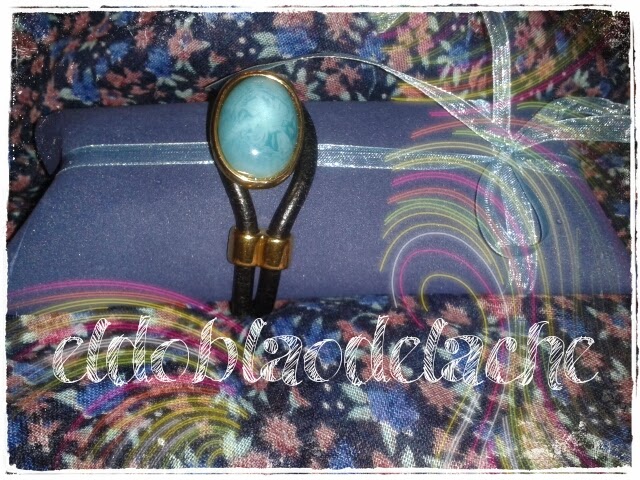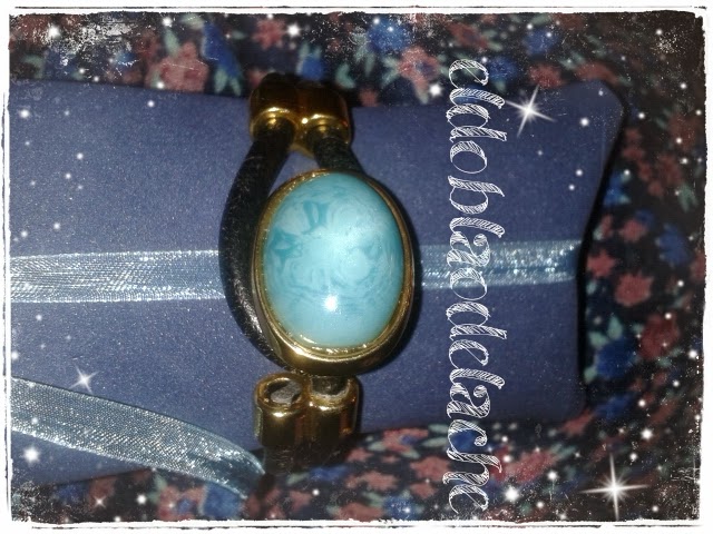 Modelo para chica en cuero negro con entrepiezas y terminación en dorado y piedra verde
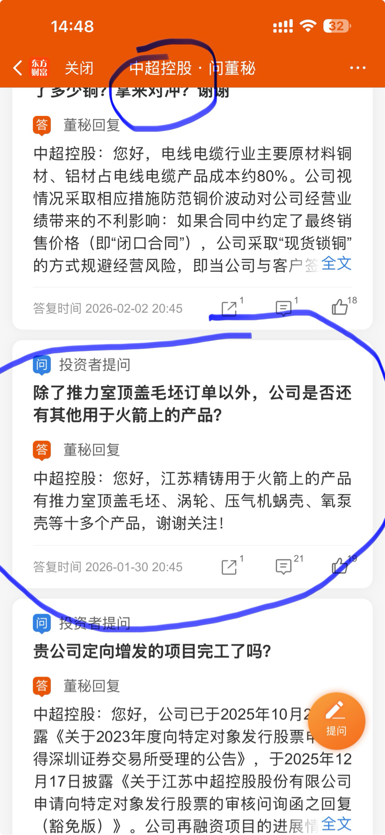 如图,投资互动清清楚楚,写的有十几个火箭产品,结果到了媒体里面变成了没有火箭业务
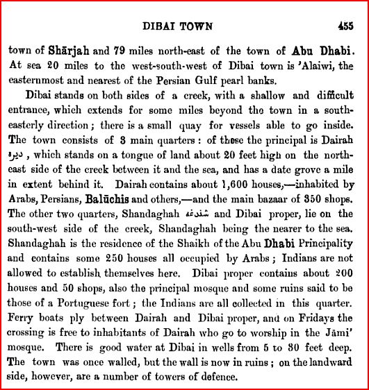 Just for the hell of it I thought I'd remind everyone that a century ago Dubai was a very different sort of place. I've talked about Lorimer's Gazetteer of the Persian Gulf before, and here's "Dibai Town" as he calls it, in Volume IIA, pp. 454-456 as it was around 1907:
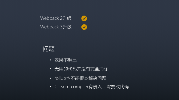 优化还是要继续的,虽然工具自带的tree-shaking不能去除太多无用代码,在去除无用代码这一方面也还是有可以做的事情。我们从三个方面做里一些优化。
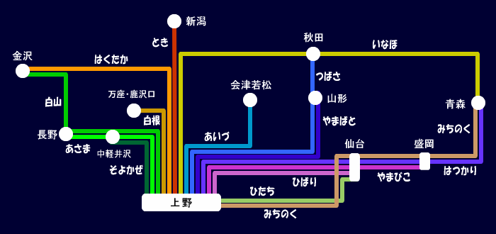 | 東北 | はつかり やまびこ ひばり つばさ やまばと あいづ |
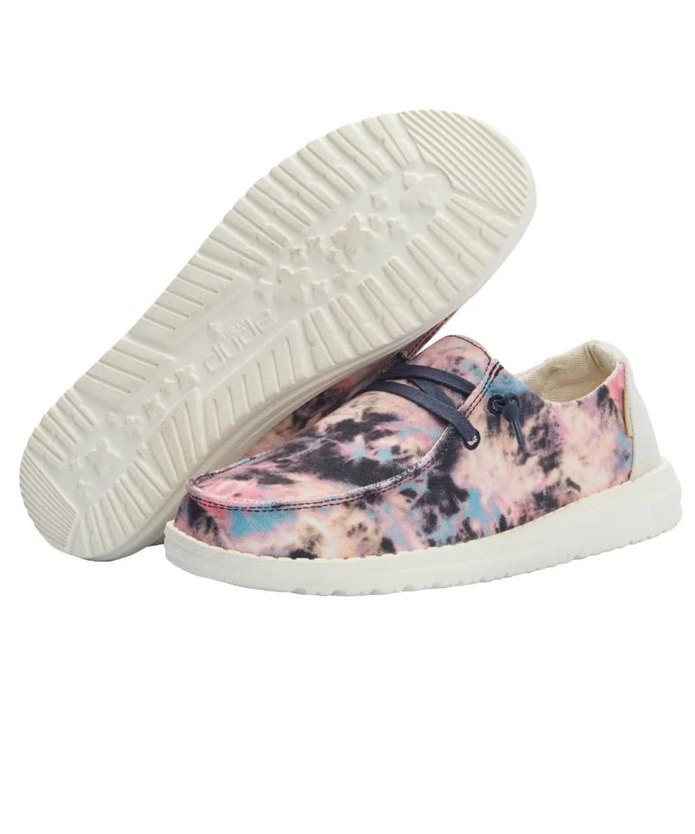 Cotton Canvas Upper; Wide Comfortable Fit; Ergonomic, Leather Lined, Removable Memory Foam Insole; Machine Washable; Flex And Fold Technology; Color: Navy And Pink Tie Dye; UltraLIGHT Outsole; Style #121415043
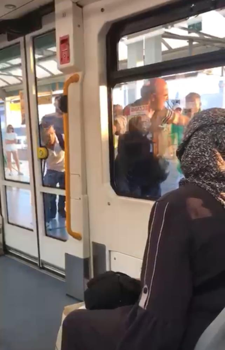 Bursa metrosunda yolcular arasında 'yer verme' kavgası cep telefon kamerasına yansıdı.
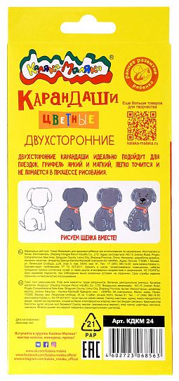 Двухсторонние карандаши — очень популярный и удобный формат! Теперь в линейке Каляка-Маляка® есть и набор 12 штук, 24 цвета! Мы обновили ключевые характеристики: увеличили диаметр грифеля, теперь он стал супермягким, добавили новые цветовые пигменты, которые делают цвета еще более яркими и сочными.
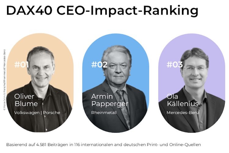 Die weiteren Top-10-Plätze im CEO-Impact-Ranking belegen BMW-CEO Oliver Zipse, Roland Busch (Siemens), Christian Sewing (Deutsche Bank), Bill Anderson (Bayer), Christian Klein (SAP), Bjørn Gulden (Adidas) und Oliver Bäte (Allianz).
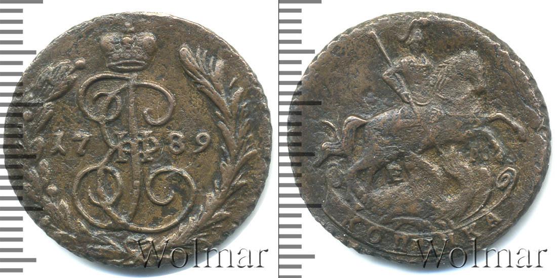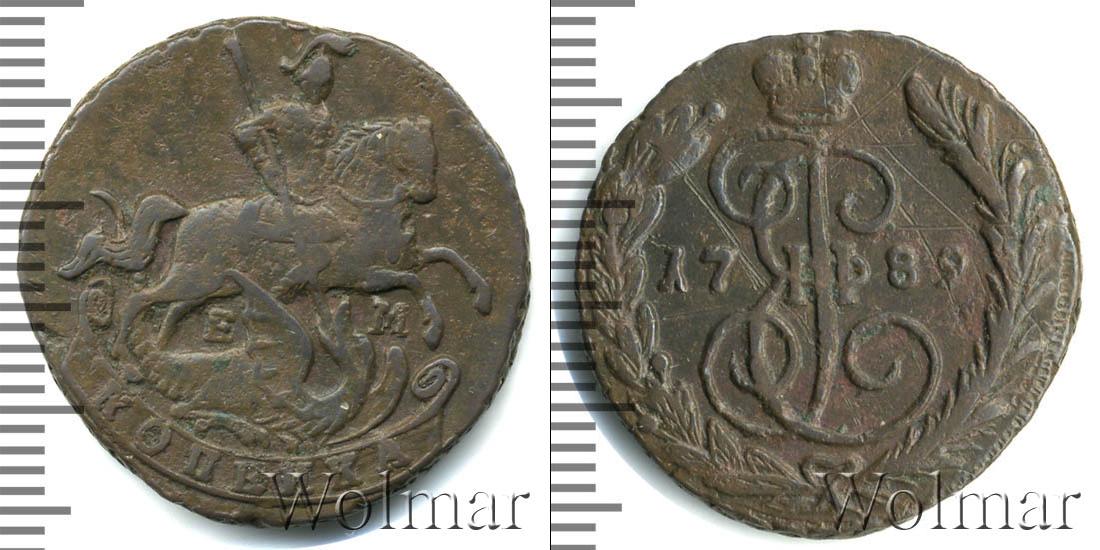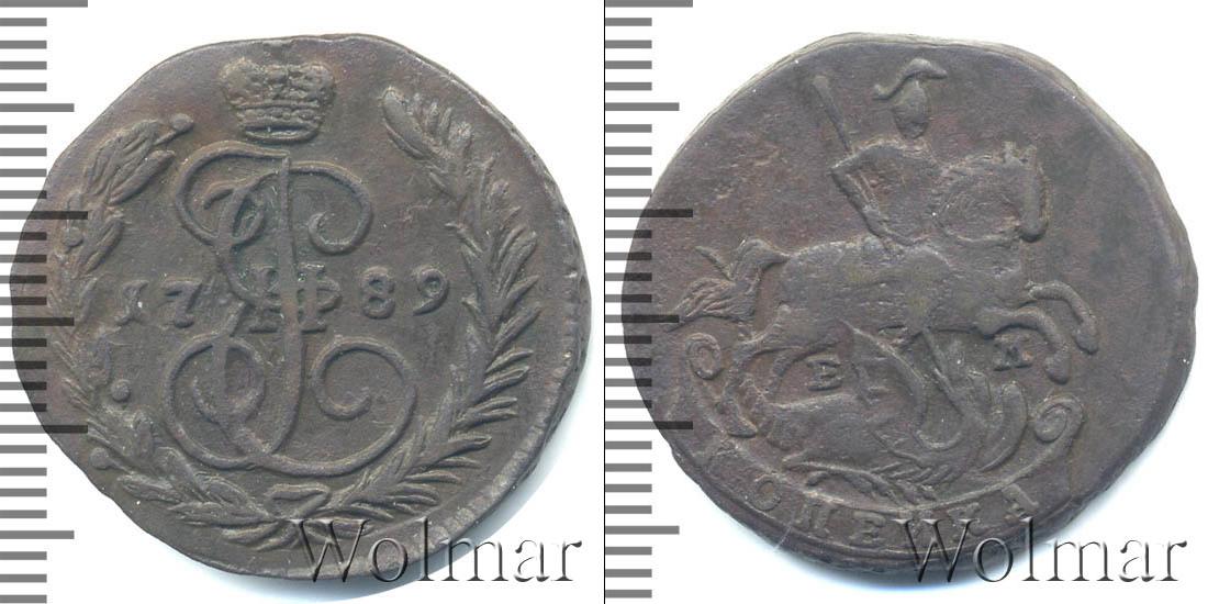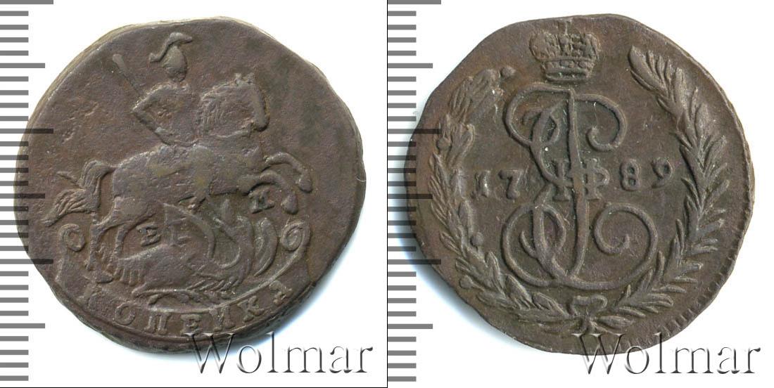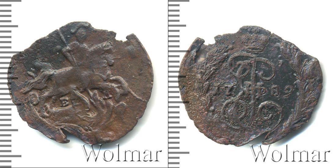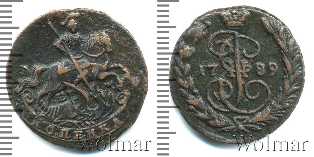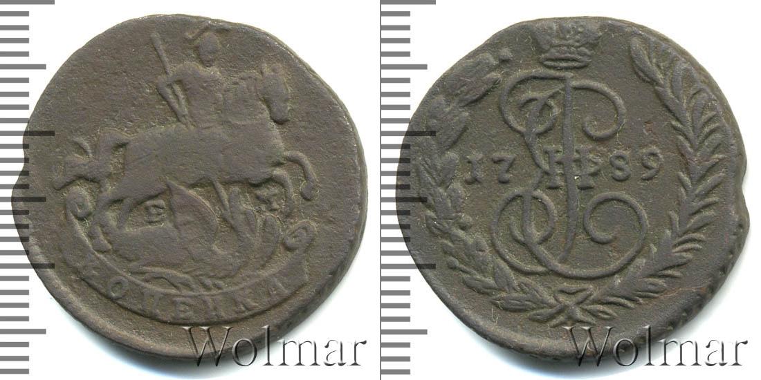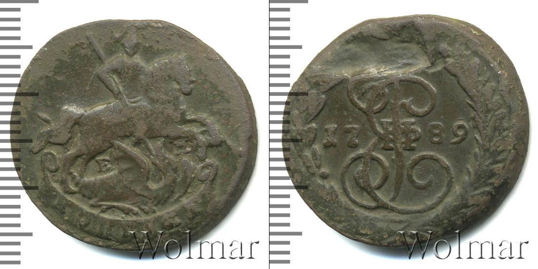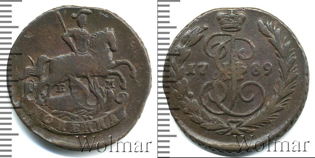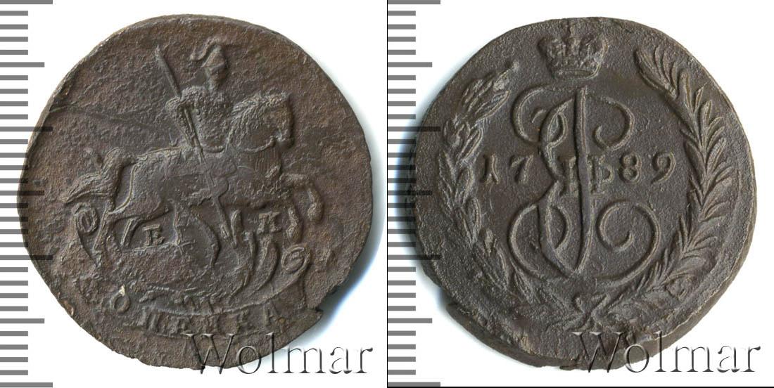 Большую часть диска монеты занимает детально прорисованный вензель императрицы Екатерины Второй. Над ним Императорская корона России. В центре отмечена дата эмиссии «1789», а внизу узор из лавровой и пальмовой ветвей.
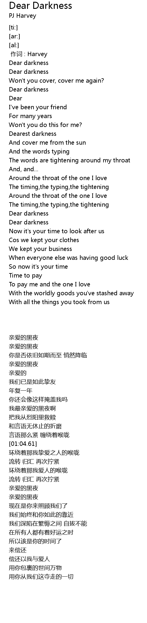 | [01:49.03] | Dear darkness |
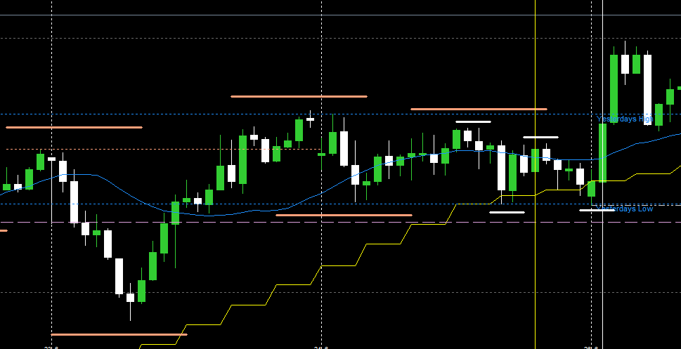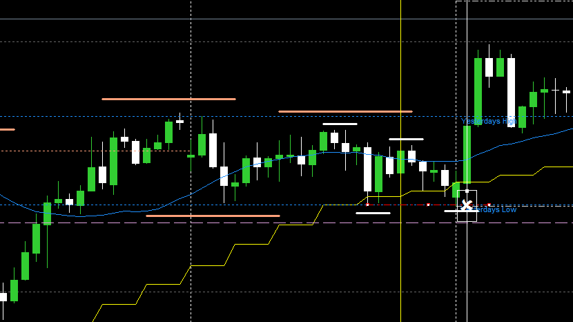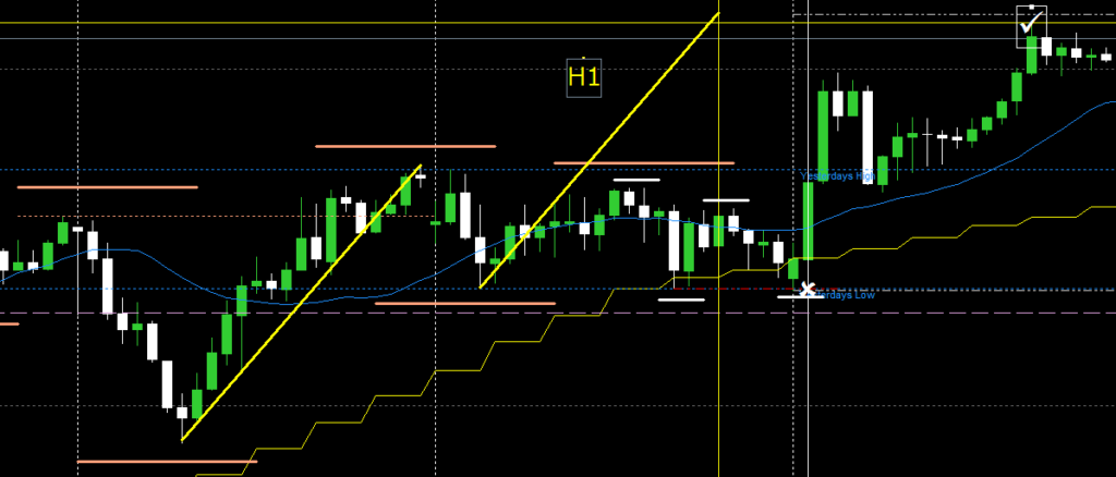 黄色垂直線が下長ヒゲをつけたH4ローソク足が確定したH1足。
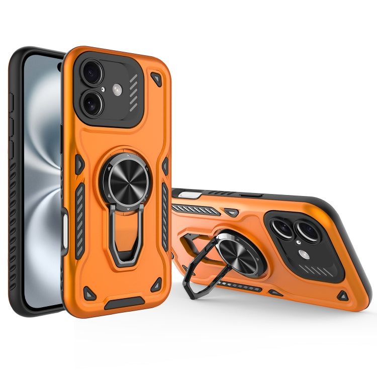 Funda para iPhone 16 con Soporte Giratorio de Metal y Carcasa Magnética de TPU y PC (Naranja)

● ● ● ● ● ● ●

Problem to work on: Leave out the pictures. Transcribe the rest of the listing above exactly.

Exercise result:
 Modelo para chica en cuero negro con entrepiezas y terminación en dorado y piedra verde
 如图,投资互动清清楚楚,写的有十几个火箭产品,结果到了媒体里面变成了没有火箭业务
 Just for the hell of it I thought I'd remind everyone that a century ago Dubai was a very different sort of place. I've talked about Lorimer's Gazetteer of the Persian Gulf before, and here's "Dibai Town" as he calls it, in Volume IIA, pp. 454-456 as it was around 1907:
 优化还是要继续的,虽然工具自带的tree-shaking不能去除太多无用代码,在去除无用代码这一方面也还是有可以做的事情。我们从三个方面做里一些优化。
 | 東北 | はつかり やまびこ ひばり つばさ やまばと あいづ |
 Cotton Canvas Upper; Wide Comfortable Fit; Ergonomic, Leather Lined, Removable Memory Foam Insole; Machine Washable; Flex And Fold Technology; Color: Navy And Pink Tie Dye; UltraLIGHT Outsole; Style #121415043
 Bursa metrosunda yolcular arasında 'yer verme' kavgası cep telefon kamerasına yansıdı.
 Двухсторонние карандаши — очень популярный и удобный формат! Теперь в линейке Каляка-Маляка® есть и набор 12 штук, 24 цвета! Мы обновили ключевые характеристики: увеличили диаметр грифеля, теперь он стал супермягким, добавили новые цветовые пигменты, которые делают цвета еще более яркими и сочными.
 Die weiteren Top-10-Plätze im CEO-Impact-Ranking belegen BMW-CEO Oliver Zipse, Roland Busch (Siemens), Christian Sewing (Deutsche Bank), Bill Anderson (Bayer), Christian Klein (SAP), Bjørn Gulden (Adidas) und Oliver Bäte (Allianz).
 Большую часть диска монеты занимает детально прорисованный вензель императрицы Екатерины Второй. Над ним Императорская корона России. В центре отмечена дата эмиссии «1789», а внизу узор из лавровой и пальмовой ветвей.
 | [01:49.03] | Dear darkness |
 黄色垂直線が下長ヒゲをつけたH4ローソク足が確定したH1足。
 Funda para iPhone 16 con Soporte Giratorio de Metal y Carcasa Magnética de TPU y PC (Naranja)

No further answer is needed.